Many of today's violent and persistent conflicts are between states and unrepresented peoples and are characterized by an extreme power imbalance. As a result, unrepresented peoples by themselves are unable to engage states in negotiations for peaceful resolution of conflicts. Moreover, these conflicts tend to continue for decades leading to gross sufferings and cultural annihilation. To counteract the power imbalance, which drives these
conflicts, it is necessary for the international governmental and non-governmental communities to support actively people's right to self-determination, to prioritize attention to these conflicts, and to promote their peaceful resolution.

The denial of the right to self-determination has led to several long-term conflicts most of which remain unresolved. It is important to comprehend that what generates conflict is not the legitimate claim of the right to self-determination but rather the denial of this inviolable right. Thus, it is imperative that the internationally-recognized right to self- determination be actively promoted as a basis of conflict prevention and conflict resolution.

The efforts of colonized or neo-colonized peoples toward the exercise of their right to self-determination have to be endorsed by all those who believe in peace. Specifically, the demand for the establishment of a permanent forum for indigenous peoples within the United Nations and the full implementation of the rights under "Declaration on the Rights of Indigenous Peoples" deserves active support.

SECTION V True Security

1. Protection of Environment as Peace Policy

The primacy of ecological peace has to be underlined. The ecological consequences of war and militarization are extremely serious. Imperiling the environment, conflicts impair economic growth, sustainable development and livelihoods. Armed conflicts accelerate the loss of infrastructure and degradation of resources and reduce society's capacity for self-reliance.

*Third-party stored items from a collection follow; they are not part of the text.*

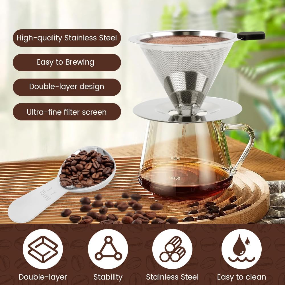 Pour Over Coffee Dripper,Upgraded Double Micro Mesh Filter With Cleaning Brush & 15g Measuring Scoop,Stainless Steel Reusable Coffee Filters Metal Cone-Filter Paperles(3-4cups)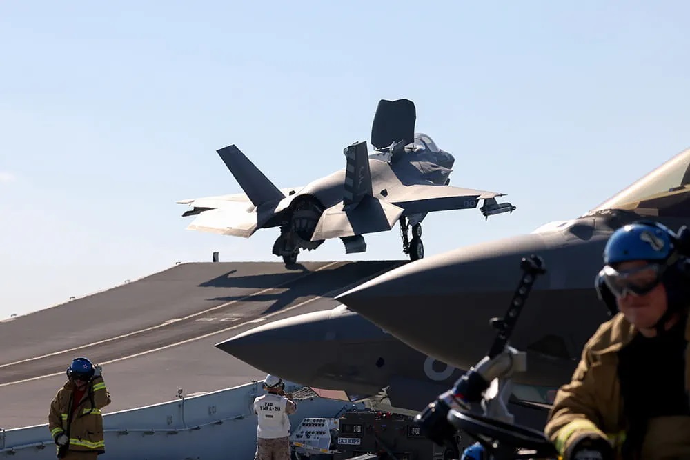 Он рассказал, что на летной палубе "Принца Уэльского" стоит целый ряд истребителей F-35, известные своими возможностями "короткого взлета и вертикальной посадки", которые могут поражать цели на суше и на море, используя целый арсенал огневой мощи, в который входят ракеты Sidewinder для воздушного боя и 100-килограммовые бомбы Spear для наземных атак.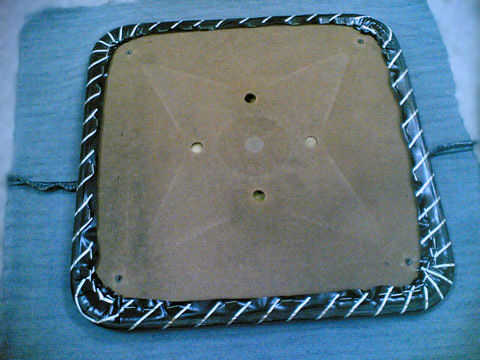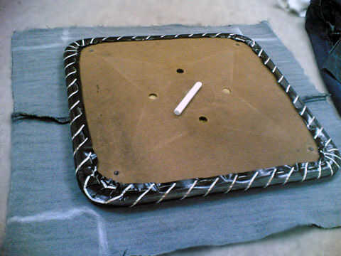 Puso la silla por encima de las piezas y con una tiza dibujar cuadrados como se muestra a cortar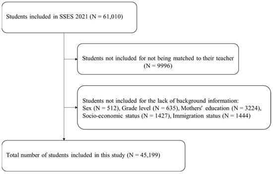 More specifically, inclusion criteria for study subject selection in this present study are defined as follows: (1) participated in the first wave of the SESS; (2) matched with the teacher or school students; (3) completed informed consent to participate. The resulting analytic sample involved 45,972 subjects who satisfied the inclusion criteria (Figure 2).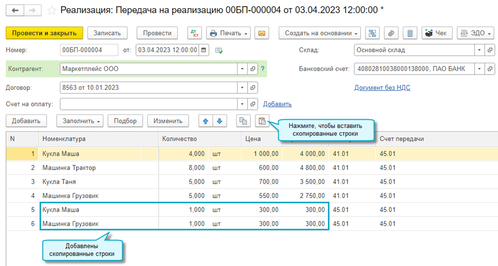 Также в Отчеты о продажах и о списании добавлена возможность копировать и вставлять строки с информацией по товарам. Например, скопировать строки по товарам из нескольких документов Передачи на реализацию и вставить их в один Отчет о продажах.

The world's dominant consumers are overwhelmingly concentrated among the rich, but the environmental damage from the world's consumption falls most severely on the poor.

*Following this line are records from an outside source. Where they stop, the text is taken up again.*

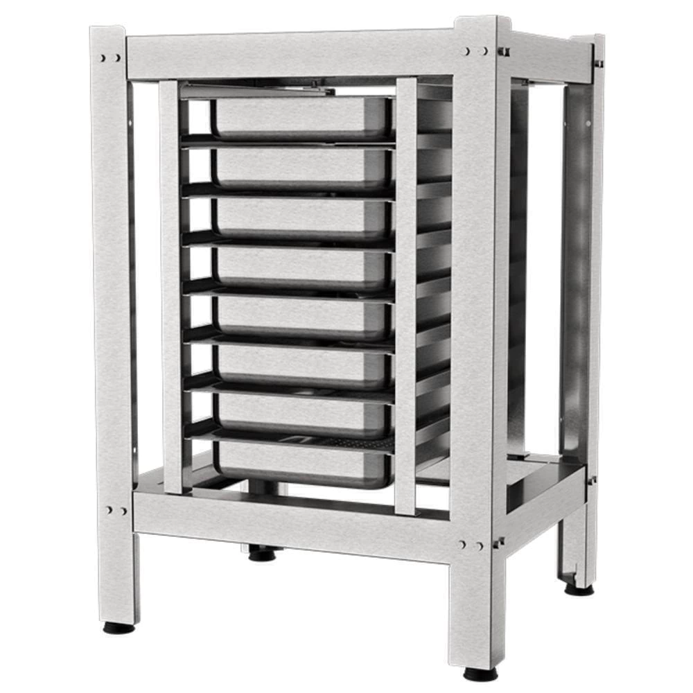O cavalete Wictory oferece robustez e funcionalidade, otimizando o espaço na cozinha profissional. Sua estrutura em aço inox AISI 430 garante durabilidade e facilidade na limpeza.
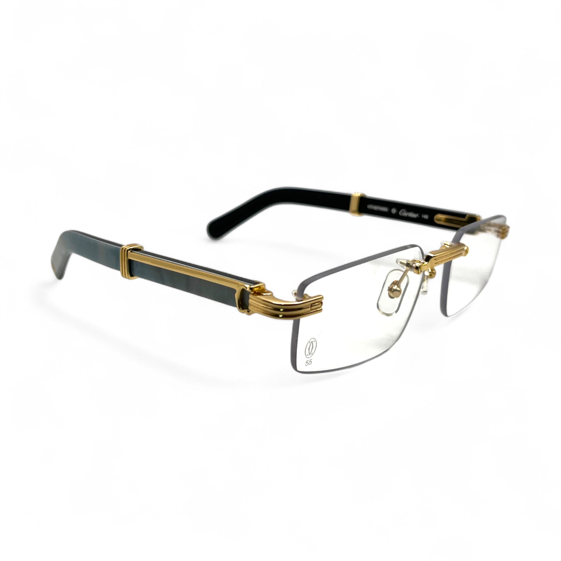 The CT0485O Premiere, a new addition to the luxurious Premiere line. It exemplifies luxury eyewear craftsmanship with its distinctive geometric rectangular silhouette. These rimless frames eliminate traditional lens borders while incorporating premium materials complemented by buffalo horn temple pieces.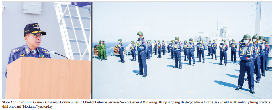 First, the Senior General and party arrived onboard the naval ship (Mottama) by helicopter to inspect the ships of the Three-Dimensional Naval Exercise-Sea Shield and was welcomed by Officer Scheduling Exercise (OSE) Rear-Admiral Htein Win, Naval Commander (Duty) Capt Tet Lwin Tun and senior military officers of the military drill. The commander-in-chief (Navy) reported on the purpose of the Sea Shield 2020 which is in accord with the guidance of the Senior General, and the Three-Dimensional Naval Exercise involving surface ships, submarine and helicopters. The Naval Commander (Duty) also reported on practical training. In response, the Senior General said priority should be given to hitting the targets precisely as it is a firing practice drill. He stressed the need to take lessons, to collect comprehensive information in connection with the requirements and the drill, to seriously take into account the task of blocking, preventing annihilating and to recount the important matters.

It is important to end the military destruction of the environment and especially the militarization of indigenous lands. Peace being peace of and among all living beings, environmental destruction is a threat to peace.

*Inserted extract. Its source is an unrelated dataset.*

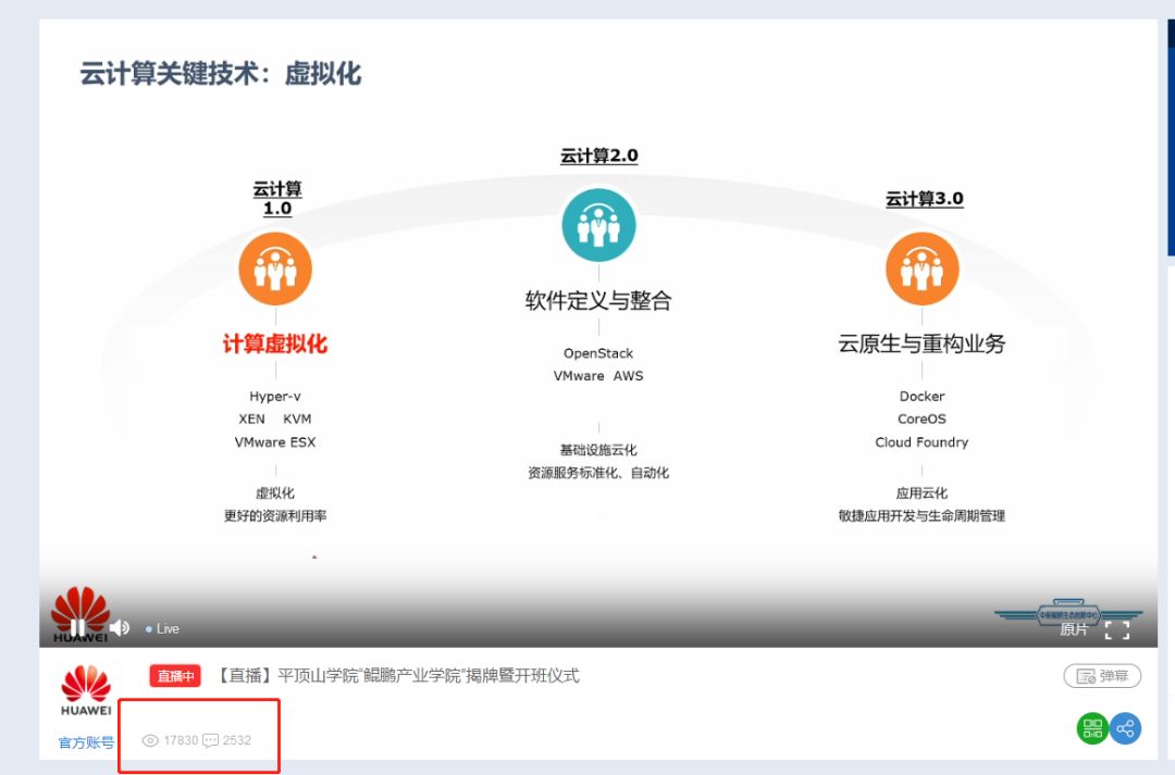 开班仪式后,首批平顶山学院学生在线收看了由中软国际教育科技集团卓越研究院副院长、资深华为鲲鹏认证专家杨强讲授的专业课程。河南多所高校组团观看,首堂课程吸引了一万七千余人在线听讲。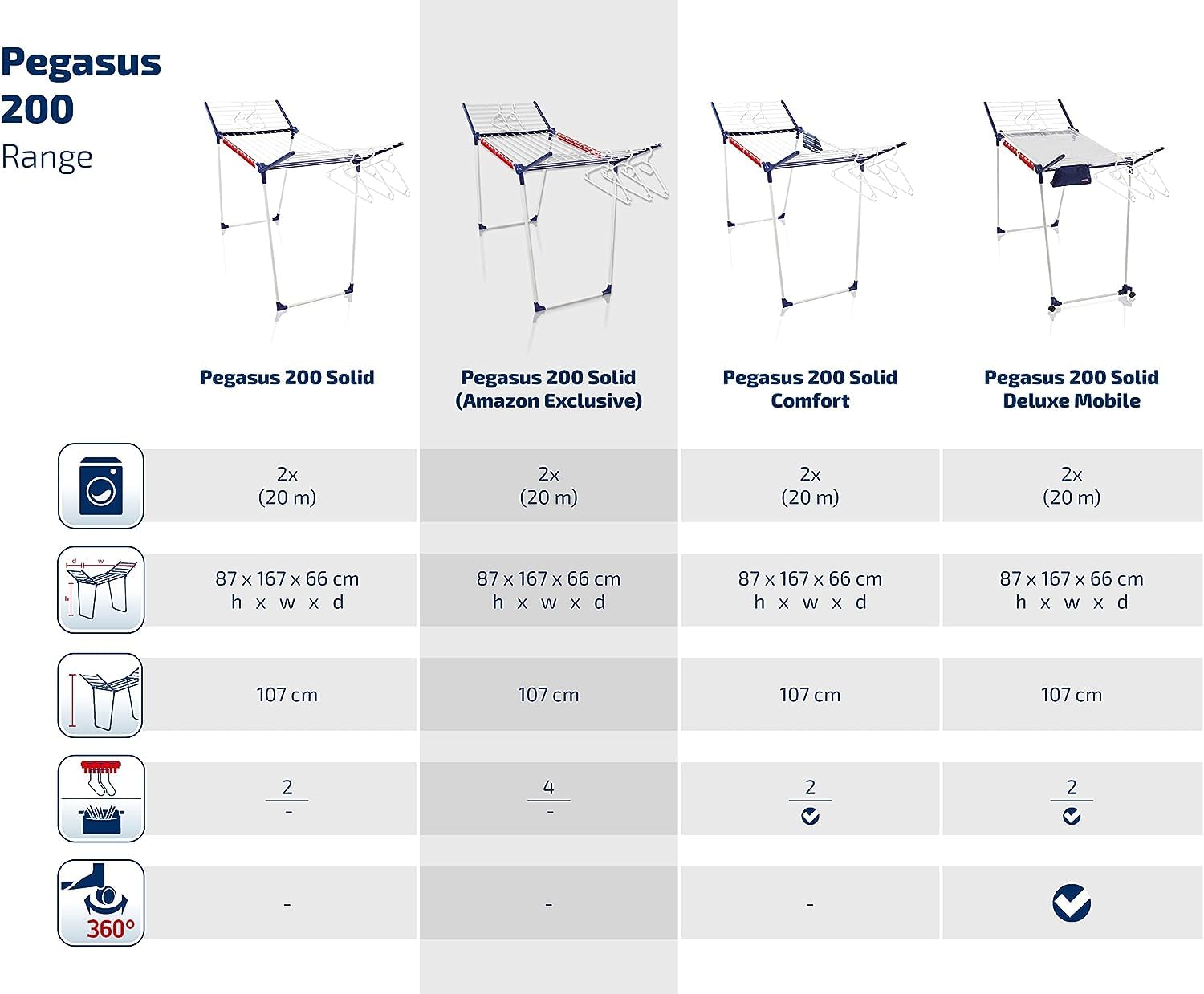 Der Standtrockner Pegasus 200 Solid ist die durchdachte und stabile Lösung, um grosse Wäschemengen effizient an der Luft zu trocknen. Mit seiner grosszügigen Kapazität und dem cleveren Zubehör wird er zum unverzichtbaren Helfer im Haushalt.

Global warming and climate change are fast becoming one of the biggest threats to the survival of humanity on earth. Urgent action on this issue is essential for peace.

2. Towards True Security

In the imperial agenda, security is the substitute for peace. The meaning of security itself has been restricted and no longer contains economic, social and cultural rights. Security has left the universe of the people, and has nothing to do any more with the security of the people. The doctrine of national security has narrowed down its definition to the security of the state, if not military security alone. Now it is not even the security of the state but the security of the occupier or the military. The notion of security today revolves around imperial security.

Other terms used in connection with this notion of security are "stabilization" and “pacification". Both generally involve the use of force. These notions have to be exposed for what they are: creating more insecurity and violence.

A holistic understanding of security with focus on people's security has to be affirmed. Security fundamentally as people's security has to reclaimed and rediscovered. Security is fundamentally the condition in which people live in dignity enjoying all human rights-civil, political, economic, social and cultural--made possible only with the security of life.

To understand the significance of people's security the plight and situation of groups and realities of the people who are marginalized and oppressed at local and national levels must be understood. Such oppression is made more intensive by the collusion of local and national forces of domination with global forces politically and economically. People's security for the marginalized is a priority for peace.

National security and imperial security doctrines are threats to people's security. Neo-liberal globalization, which is predatory in nature, is a threat to people's security especially in its denial of social and economic rights.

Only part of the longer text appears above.